- Ferdinand Kittel Nagara
- Austin Town, Bengaluru Location within Bengaluru
- Coordinates: 12°57′42″N 77°36′48″E﻿ / ﻿12.9616°N 77.6133°E
- Country: India
- State: Karnataka
- District: Bengaluru Urban
- Metro: Bengaluru

Government
- • Body: Bengaluru Central City Corporation

Languages
- • Official: Kannada
- • Spoken: Kannada, Tamil, English, Hindi
- Time zone: UTC+5:30 (IST)
- PIN: 560047
- Lok Sabha Constituency: Bangalore Central
- Vidhan Sabha Constituency: Shantinagar
- Original Planning Agency: Bangalore Civil & Military Station Municipal Commission
- Established: 1920

= Austin Town, Bengaluru =

Austin Town, Bengaluru, officially Ferdinand Kittel Nagara is a locality of the Bangalore Cantonment, named after a British Collector and Municipal President of the Civil and Military Station, Sir. James Austin. Located in the central part of Bangalore, the suburb is known for having produced some of India's best football players, with the game being very popular. In the age of IPL, the dream of the children of Austin Town is to be playing for the best football clubs one day.

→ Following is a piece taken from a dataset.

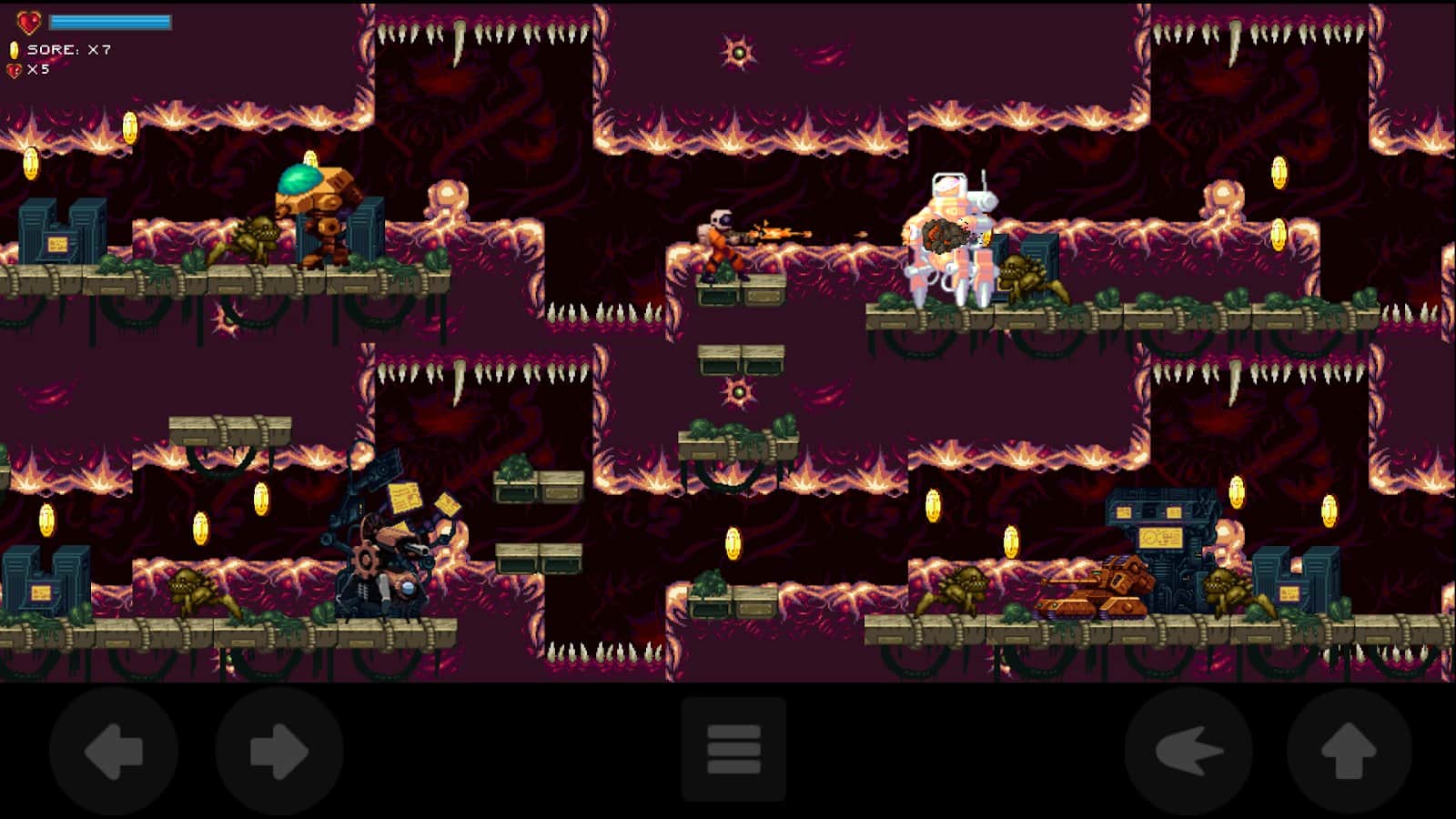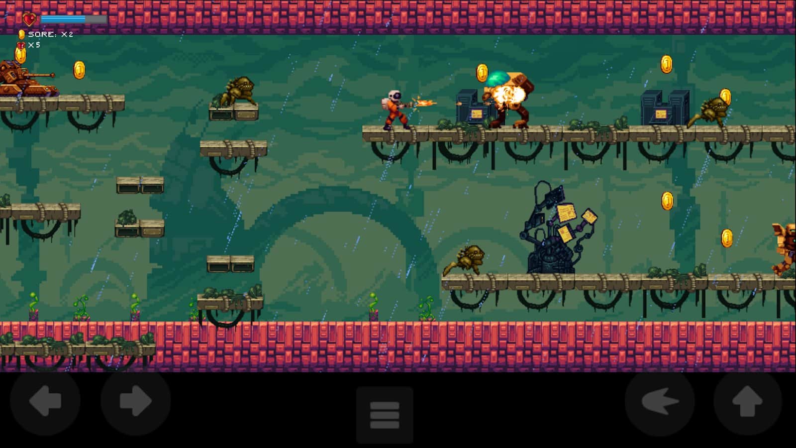 Apogee-X - экшен платформер на Android, вдохновленный классическими играми Apogee 90-х годов «Alien Carnage». Apogee-X был тщательно разработан, чтобы оживить атмосферу D.O.S. с 90-х годов. Эффекты параллакса были настроены, чтобы быть реалистичными, удовлетворяющими и красивыми на вид. Вас ждут фантастические уровни в стиле чистых 90-х, стреляйте во все, что движется, получайте улучшения для своего оружия, собирайте монеты, чтобы заработать больше денег.

Austin Town was established in 1920 by the building of a number of small cottages for the benefit of lower income groups, and rented out for a nominal sum. The Collector Austin was the encouragement for this project, and hence the suburb was named after him. These cottages were in great demand by poor Indians and Anglo Indians. The neighboring localities are Linden Street, Y.G. Palya, Victoria Layout, Jayaraj Nagar, Ashoknagar and Vannarapete. The Sanitary works of Austin Town was designed by W H Murphy, Executive Engineer, Municipal Council, Bangalore Civil and Military Station, after whom Murphy Town gets its name.

==Football in Austin Town ==
Unlike other parts of Bangalore where Cricket is popular, Football is a passion for the residents of Austin Town. Austin Town is considered the birthplace of Football in Bangalore. The origins of the game can be traced to the Italian soldiers who were being held as prisoners of war during the beginning of WWI in the Bangalore Cantonment. The Italian POWs passed on the game to the natives, even though at first the natives played football bare-footed. (Some players played without boots even in the Olympics.) The very first Olympians – Anthony, Kanniah, Raman and Shanmugham – who represented the Indian Football team in the Olympic Games of 1948 and 1952, were from Austin Town. Vajravelu and Varadarajan were from the City area, and the rest of the players were from the Bangalore Cantonment. Most of the Football enthusiasts in Austin Town are the Tamil Community, with many of the local boys now playing for clubs in Goa and Calcutta. In the 1960s and 1970s, many of the Austin Town boys made it the Football teams of Government and defence companies such as HMT, MEG, ITI, NGEF, HAL, BEML, BHEL, ADA, ADE, etc. Austin Town and Murphy Town are still considered gold-mines of football talent. One of Austin Town's legend and local hero is 95-year-old T Shanmugham, who led India to victory in Football in the 1951 Asian Games, and also was part of India's Football team for the 1952 Olympics. The Austin Town Football Grounds is now known as Nandan Ground's after one of Indian Football's greatest goalkeeper Nandan, who was also from Austin Town.

Austin Town is also the birthplace of other legendary football players such as Ulaganathan and former Captain Carlton Chapman. Almost every house in the lower-middle-class families of Austin Town have football players.

==Demographics==
As common to the other suburbs of the Bangalore Cantonment, Austin Town has a large Tamil population. They trace their ancestry to the large number of Tamil soldiers, suppliers and workers who were brought into the Bangalore Civil and Military Station, by the British Army, after the fall of Tippu Sultan. Austin Town along with other suburbs of the Bangalore Cantonment was directly under the administration of the British Madras Presidency till 1949, when it was handed over to the Mysore State.

==Anglo-Indians==
A larger number of Anglo-Indians used to live in Austin Town, now having migrated to Australia, the UK and Canada, their numbers have declined. The Anglo-Indian Block is now inhabited mostly by non-Anglo Indians. However, those who are left behind are still proud to call Austin Town as home. During the British Raj, there was a clear distinction between the Anglo Indian and Tamil sections of Austin Town, which have now been erased, and the once posh suburbs have lost their glory as a result of poor civic maintenance. Some of the original inhabitants of Austin Town, came from Rangoon, and at that time found the cantonment to be much quieter than the busy city of Rangoon, Burma. The Christmas time for the Anglo-Indian community means celebrating with carols and parties. Some of the Anglo-Indians who migrated abroad still visit in search of their roots.